No final review. Block proposers must set a clear block time. Before this time, they will accept transaction requests from anyone; after this time, they will no longer accept transaction requests from anyone.
Violations of one or more of these attributes may undermine the effectiveness of the MEV tax. Block proposers who violate censorship can avoid most MEV taxes by excluding competing transactions and submitting zero-priority transactions that take advantage of themselves. Block proposers who violate pre-transaction privacy can steal MEV from other transactions or look at their priority fees to know exactly how high they need to set their fees, while block proposers who are able to submit transactions later than others will gain Free'Finally look at whether to pay a higher price than others for the opportunity, both of which can create adverse selection problems that ultimately hinder competition.
Unfortunately, though The first attribute is easily enforced at the protocol layer, but enforcing the other attributes in a trustless manner is an open question in the absence of enforcement at the protocol layer. A single sequencer committed to these rules needs to be trusted not to deviate from them, and if the proposer outsources block construction to a competitive revenue-maximizing auction (such as Ethereum L1's MEV-Boost), blocks may not follow them.
These problems can be "solved" by a single trusted sequencer that promises to use competitive priority ordering for block building. They can also be solved by decentralized mechanisms using some combination of consensus, cryptography, and/or a trusted execution environment, such as Sorella’s Angstrom, Flashbots’ SUAVE, leaderless auctions, or multiplicity.
An exception to the normal operation of the MEV tax occurs when a block is completely full. In this case, the block proposer may have to abandon lower priority transactions instead of simply including them in the block. Because transactions that interact with MEV tax applications may have very low priority fees, these applications may be crowded out by applications that do not use MEV taxes or have very low MEV taxes. However, in a chain that uses a mechanism like EIP-1559 to set a separate base fee, it should be relatively rare for blocks to be completely filled. Additionally, given that certain transactions need to be delayed when a block is full, delaying transactions that represent lower urgency by setting a higher MEV tax might be a reasonable outcome.

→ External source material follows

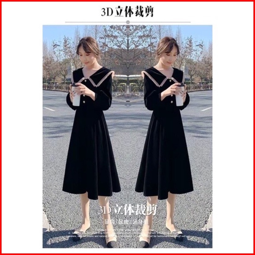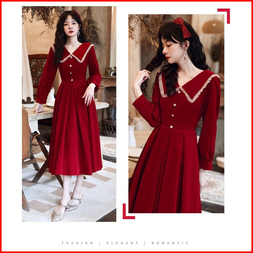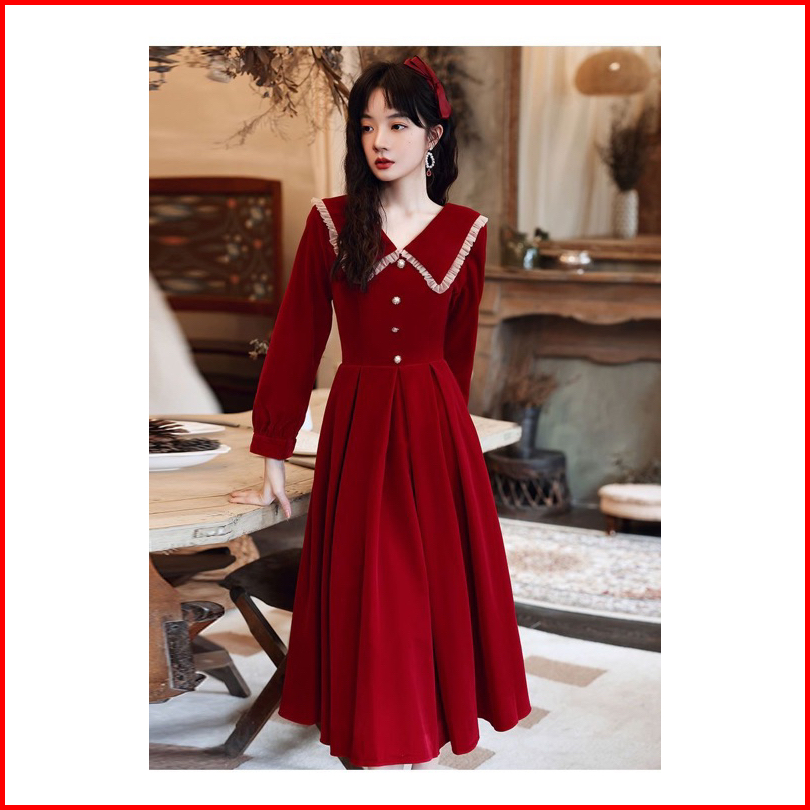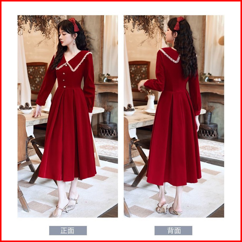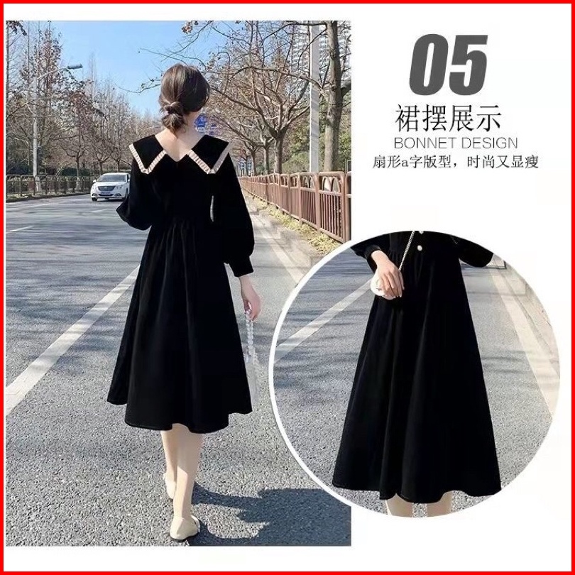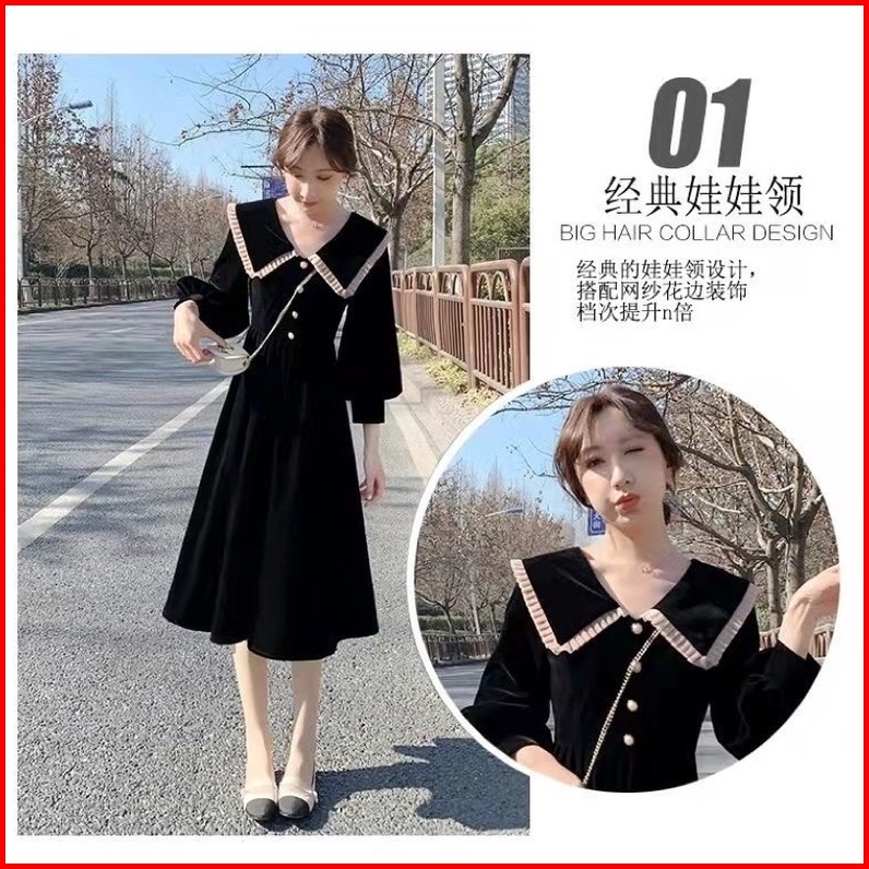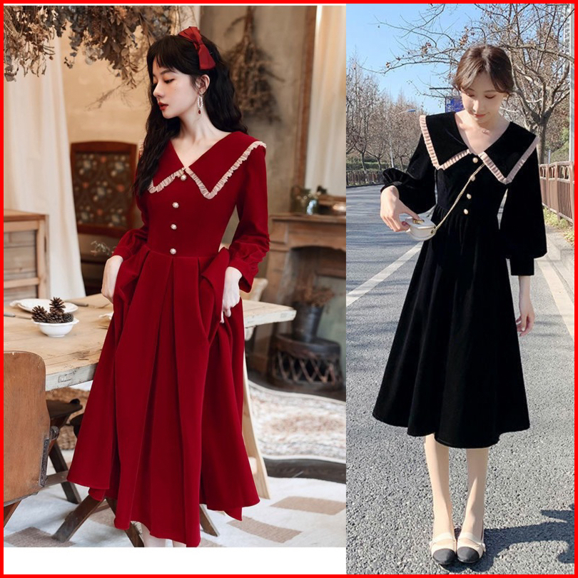 D21 21 Korea Velvet Dress Lengan Panjang Kerah Pita Midi Dress A Line Dress Long Sleeve Korean Style Vintage Dress

The MEV tax actually relies on single block auctions, where each "bid" is a transaction. One drawback of these auctions is that failed bids often result in restored transactions being included on-chain, paying some base fees and causing chain congestion.
If the sorter could completely exclude failed transactions, this would alleviate this problem, although this is difficult to achieve even with a centralized sorter. (It also would not strictly adhere to the censorship-resistant properties mentioned above, although that definition could be tweaked.) More sophisticated sequencers could optimize this process by allowing transactions to specify which contested auctions they are participating in, allowing the sequencer to sufficiently information to skip subsequent transactions that it knows will fail.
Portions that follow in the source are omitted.